Please reproduce the lines from the one containing "Schürze aus Baumwollgewebe, beschichtet" through the end of the data below exactly as they stand, and omit all pictures.

— Data provided —
━━━━━━━━━━━━━━━━━━━━
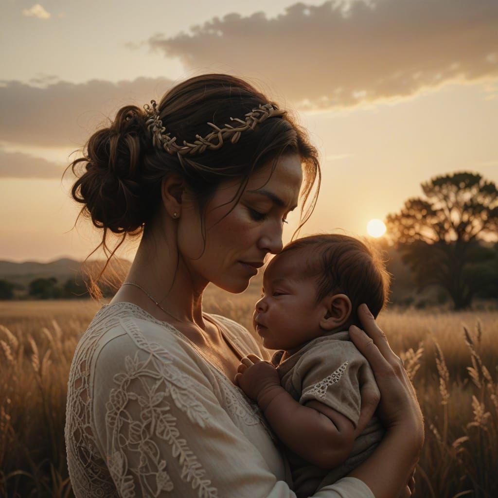 This image captures a heartwarming moment of a mother embracing her newborn, set against a warm, golden sunset backdrop. Shot in high-contrast black and white with subtle film grain, the tender scene is bathed in a soft, serene light.
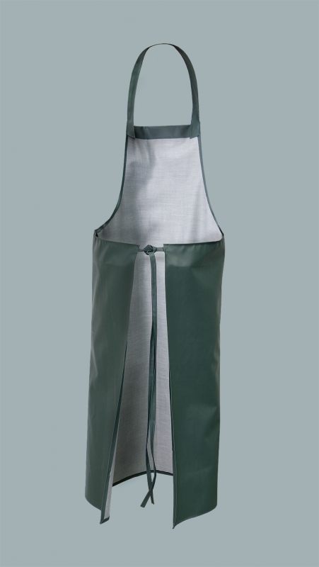 Schürze aus Baumwollgewebe, beschichtet mit Polyvinylchlorid. Die Schürze ist gegen Öl und ölhaltige Produkte jeder Art beständig. Das Produkt schützt auch vor Wasser, wodurch es bei Arbeiten unter starker Wassereinwirkung eingesetzt werden kann.
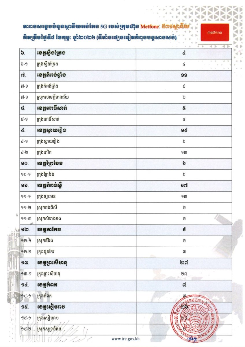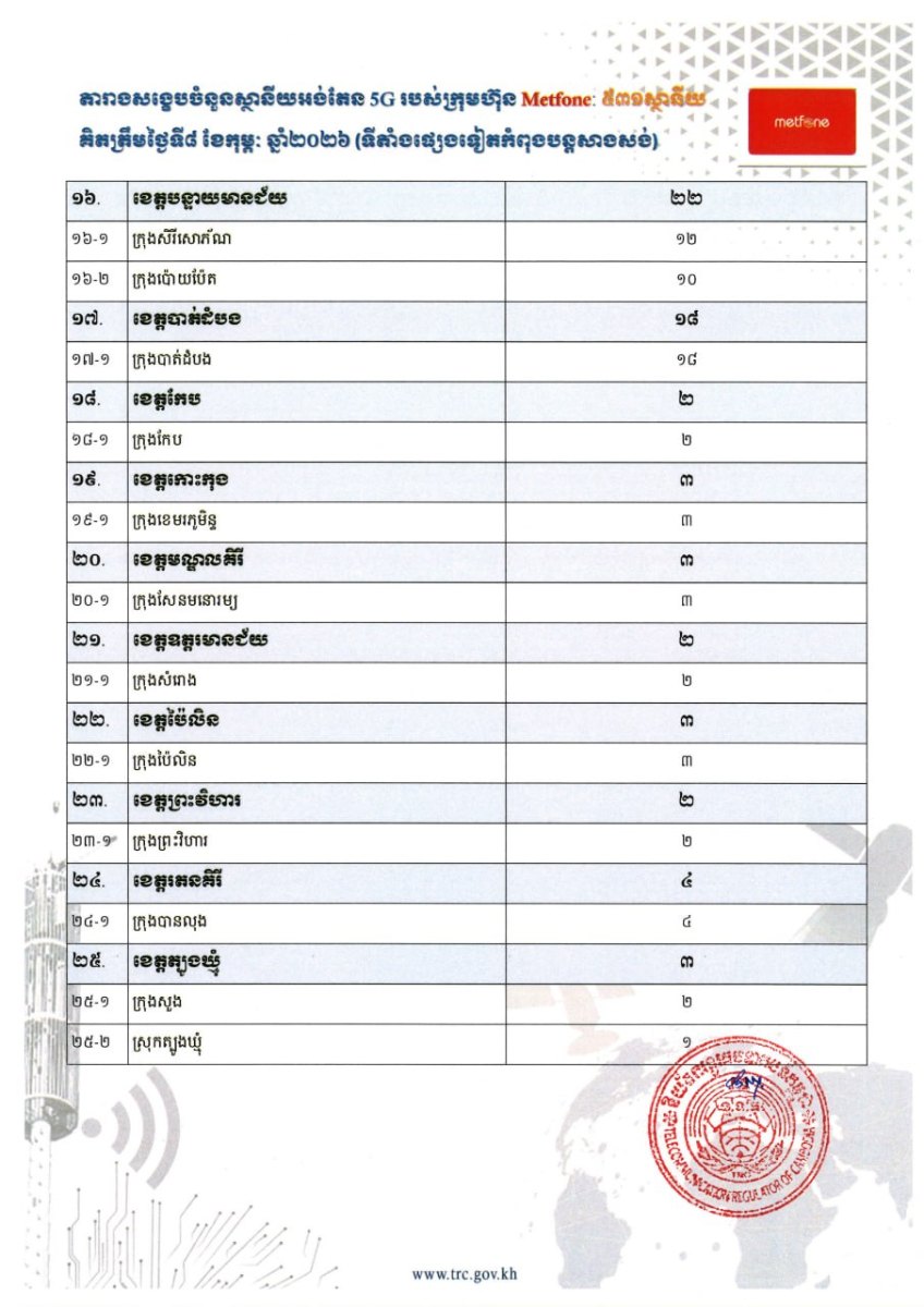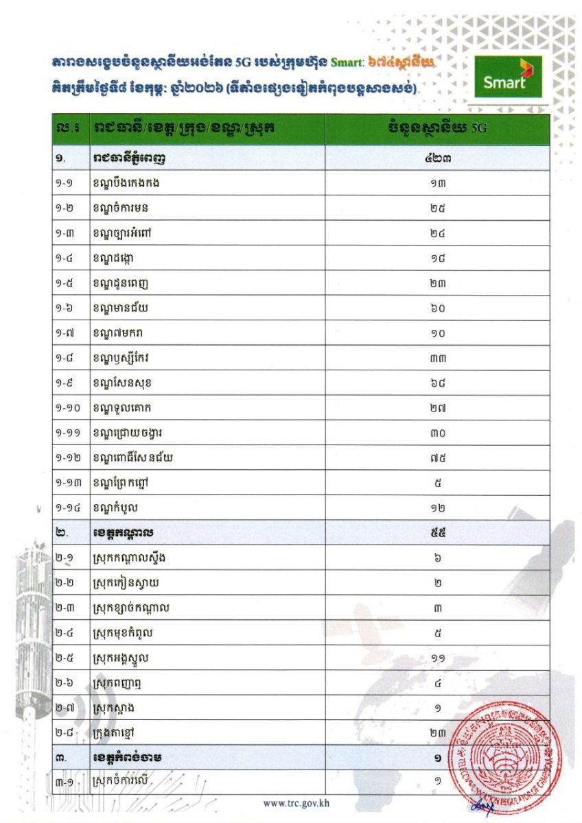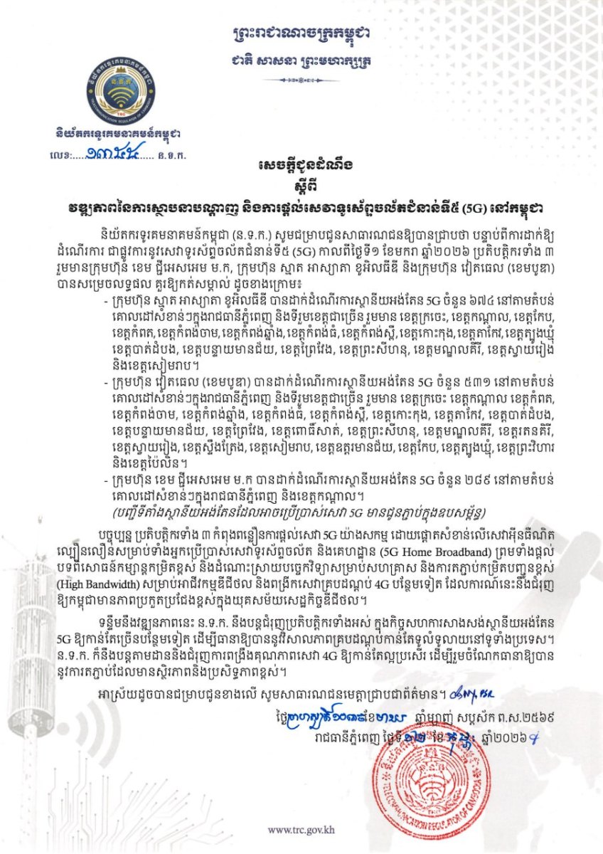 សេចក្តីជូនដំណឹង របស់និយ័តករទូរគមនាគមន៍កម្ពុជា បានផ្សាយនៅថ្ងៃទី ១២ ខែកុម្ភៈ ឆ្នាំ២០២៦ បញ្ជាក់ថា បន្ទាប់ពីការដាក់ឱ្យដំណើរការ ជាផ្លូវការនូវសេវាទូរស័ព្ទចល័តជំនាន់ទី៥ (5G) កាលពីថ្ងៃទី១ ខែមករា ឆ្នាំ២០២៦ ប្រតិបត្តិករទាំង ៣ រួមមាន ក្រុមហ៊ុន ខេម ជ្ជីអេសអេម ម.ក, ក្រុមហ៊ុន ស្មាត អាស្យាតា ខូអិលធីឌី និងក្រុមហ៊ុន វៀតធេល (ខេមបូឌា) បានដាក់ដំណើរការស្ថានីយអង់តែន 5G សរុបចំនួន ១ ៤៩៤ ទីតាំង នៅតាមបណ្តាខេត្ត-ក្រុងសំខាន់ៗ នៅទូទាំងប្រទេស។
━━━━━━━━━━━━━━━━━━━━
— Your solution —
 Schürze aus Baumwollgewebe, beschichtet mit Polyvinylchlorid. Die Schürze ist gegen Öl und ölhaltige Produkte jeder Art beständig. Das Produkt schützt auch vor Wasser, wodurch es bei Arbeiten unter starker Wassereinwirkung eingesetzt werden kann.
 សេចក្តីជូនដំណឹង របស់និយ័តករទូរគមនាគមន៍កម្ពុជា បានផ្សាយនៅថ្ងៃទី ១២ ខែកុម្ភៈ ឆ្នាំ២០២៦ បញ្ជាក់ថា បន្ទាប់ពីការដាក់ឱ្យដំណើរការ ជាផ្លូវការនូវសេវាទូរស័ព្ទចល័តជំនាន់ទី៥ (5G) កាលពីថ្ងៃទី១ ខែមករា ឆ្នាំ២០២៦ ប្រតិបត្តិករទាំង ៣ រួមមាន ក្រុមហ៊ុន ខេម ជ្ជីអេសអេម ម.ក, ក្រុមហ៊ុន ស្មាត អាស្យាតា ខូអិលធីឌី និងក្រុមហ៊ុន វៀតធេល (ខេមបូឌា) បានដាក់ដំណើរការស្ថានីយអង់តែន 5G សរុបចំនួន ១ ៤៩៤ ទីតាំង នៅតាមបណ្តាខេត្ត-ក្រុងសំខាន់ៗ នៅទូទាំងប្រទេស។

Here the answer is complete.